Over his 26-year career, Shavers compiled an astonishing record of 74-14-1. Think of that: in the most physically punishing division in the sport, Shavers fought a whopping 89 times. For comparison, Oleksandr Usyk has fought twenty times and is 35 years old. Fighters of Shavers' era were made of sterner stuff. Hell, Shavers fought a stupefying 17 times in 1971 alone.
Of his 74 wins, an amazing 68 ended by knockout. Of those 68 KOs, 41 of them occurred in either the first or second round—a mind-boggling statistic. Shavers holds victories over former champions Vincente Rondon, Ken Norton, and Jimmy Ellis. Unfortunately, none of those victories came when a member of that trio owned a title belt.
Due to his extraordinary punching power, Shavers got, shall we say, “avoided” over much of his career.
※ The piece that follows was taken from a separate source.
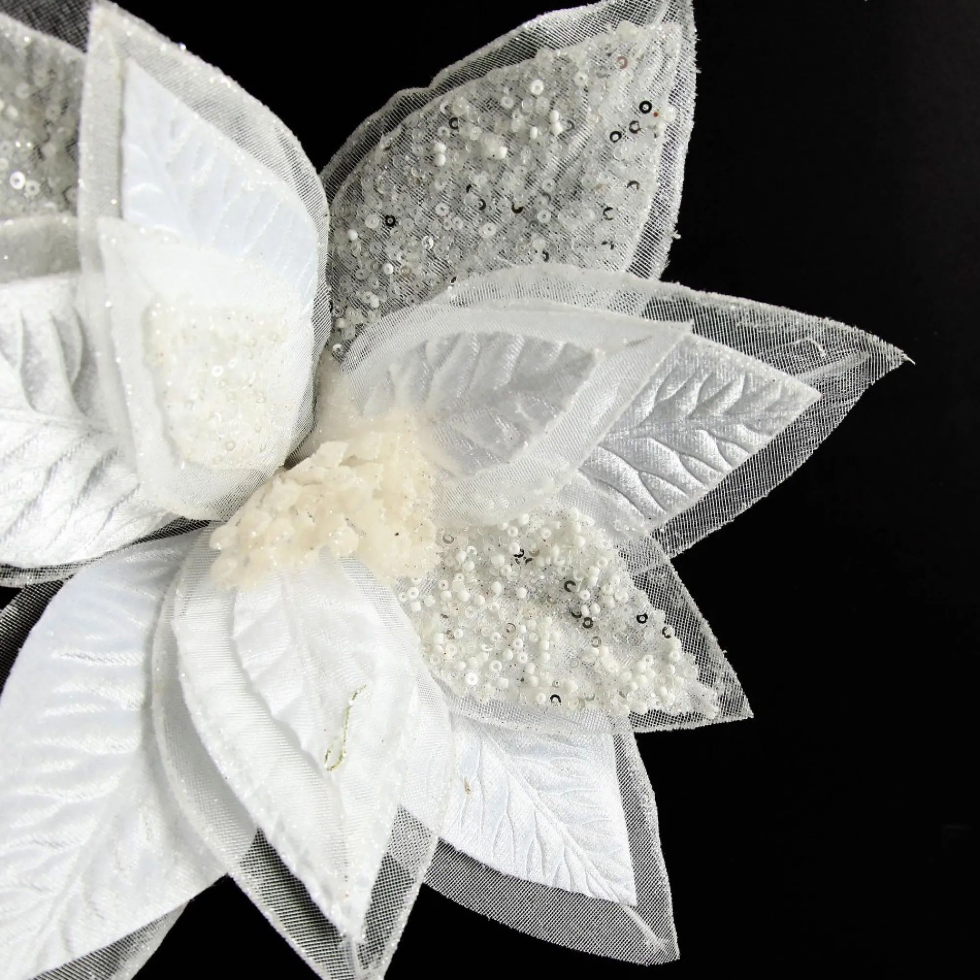 Step Into A Winter Wonderland When You Decorate Your Home With Our Mixed Petal White Poinsettia Flower Stem. Delicately Curated From Cotton, Linen And Calico Materials, Featuring A Lush-Layered Design And Finished With Unique Patterns And Sparkly Sequins. This Product Is Designed To Reflect The Shimmering Beauty Of Winter So You Can Create A Mesmerising Ambience That Elevates Your Celebrations To New Heights Of Elegance.

That, along with a somewhat suspect chin (that played a part in those 14 losses), probably kept Shavers from fighting for a world title more often.
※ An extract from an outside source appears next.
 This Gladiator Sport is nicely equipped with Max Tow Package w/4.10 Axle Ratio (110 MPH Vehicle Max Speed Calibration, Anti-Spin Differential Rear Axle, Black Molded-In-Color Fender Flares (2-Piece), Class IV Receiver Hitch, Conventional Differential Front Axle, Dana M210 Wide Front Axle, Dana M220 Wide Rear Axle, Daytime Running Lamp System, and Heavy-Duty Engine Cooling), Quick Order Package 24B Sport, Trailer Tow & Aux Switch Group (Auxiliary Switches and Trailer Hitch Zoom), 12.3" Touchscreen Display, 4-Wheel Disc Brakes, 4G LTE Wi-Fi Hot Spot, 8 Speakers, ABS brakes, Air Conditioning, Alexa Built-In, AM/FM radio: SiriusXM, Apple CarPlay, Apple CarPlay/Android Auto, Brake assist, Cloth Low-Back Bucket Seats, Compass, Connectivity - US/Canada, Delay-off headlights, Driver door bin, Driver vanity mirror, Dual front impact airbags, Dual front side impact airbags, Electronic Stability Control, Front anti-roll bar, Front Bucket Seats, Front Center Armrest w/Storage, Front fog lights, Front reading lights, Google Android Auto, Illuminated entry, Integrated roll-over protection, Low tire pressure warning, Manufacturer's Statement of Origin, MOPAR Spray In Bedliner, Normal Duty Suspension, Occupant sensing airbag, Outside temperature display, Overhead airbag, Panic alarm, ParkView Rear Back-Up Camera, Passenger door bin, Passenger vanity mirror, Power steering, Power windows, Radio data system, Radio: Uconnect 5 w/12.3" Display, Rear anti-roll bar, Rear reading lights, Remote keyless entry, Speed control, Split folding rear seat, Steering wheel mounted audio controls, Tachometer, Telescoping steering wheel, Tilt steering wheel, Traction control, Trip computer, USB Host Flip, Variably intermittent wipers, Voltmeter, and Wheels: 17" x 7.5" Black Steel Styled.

And, of course, he fought at a time when the division had giants walking the earth. Ali, Liston, Foreman, Frazier, and Holmes made up the top tier during Shavers' long run through the sport, but even the second tier of competition was loaded back then. The aforementioned Norton, and Ellis, along with fighters like Jimmy Young, Ron Lyle, Jerry Quarry, Joe Bugner, George Chuvalo, Ernie Terrell, and Oscar Bonavena, all fought during this almost mythical era. To win the heavyweight title back then, you had to fight through a gauntlet of first-class contenders just to get a shot. As great as Shavers was, the fact that he only got two title shots tells you everything you need to know about what a magical period for heavyweight boxing that stretch of time was.
It was an era where boxing would happen on a random Monday night and the fans would rush to see it.
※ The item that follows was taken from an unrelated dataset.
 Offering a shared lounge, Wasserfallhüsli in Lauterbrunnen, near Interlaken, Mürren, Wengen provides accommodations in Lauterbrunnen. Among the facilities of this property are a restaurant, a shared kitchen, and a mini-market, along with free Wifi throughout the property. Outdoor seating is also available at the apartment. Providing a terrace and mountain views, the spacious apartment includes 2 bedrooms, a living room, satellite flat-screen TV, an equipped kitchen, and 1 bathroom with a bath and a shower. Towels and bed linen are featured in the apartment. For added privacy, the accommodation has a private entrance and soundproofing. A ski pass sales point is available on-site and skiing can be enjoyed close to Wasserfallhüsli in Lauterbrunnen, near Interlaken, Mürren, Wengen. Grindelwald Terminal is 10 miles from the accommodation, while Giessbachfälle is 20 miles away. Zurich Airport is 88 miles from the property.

It is exceedingly difficult for me to imagine any other era of heavyweight boxing where Shavers wouldn't have held a world title belt at some point—even during the last golden age of the heavyweights, which included Lennox Lewis, Evander Holyfield, Riddick Bowe, and Mike Tyson. Lewis and Bowe would have probably been the toughest of that foursome for Shavers, just due to their size. But Lewis was susceptible to surprise knockouts (hello Oliver McCall and Hasim Rahman), Bowe was once floored by Holyfield, Evander himself was open to taking punishment, and Mike Tyson had a hard time with anyone he could not intimidate.
Shavers might not have been the favorite against any member of that fearsome foursome (although I'm almost certain he would have beaten Tyson), but no one would have called you a fool if you placed your money on Shavers were it possible for any of those contests to have taken place.
That, along with Bowe's early fade and Tyson's prison sentence, would have created other opportunities for Shavers to lift a title belt over his head. Alas, that little adventure in thought is nothing more than that. Shavers fought when he did, and despite a high level of talent and hands as heavy as anvils, Shavers never broke through. That simple truth has relegated Shavers to the level of fascinating footnote or folk hero instead of a champion.
At any other point in boxing history, that would not have been the case. Shavers would have tasted championship glory and likely been a lock for the Hall of Fame. He was simply born at the wrong time.
Earnie Shavers died yesterday. He was 78 years old.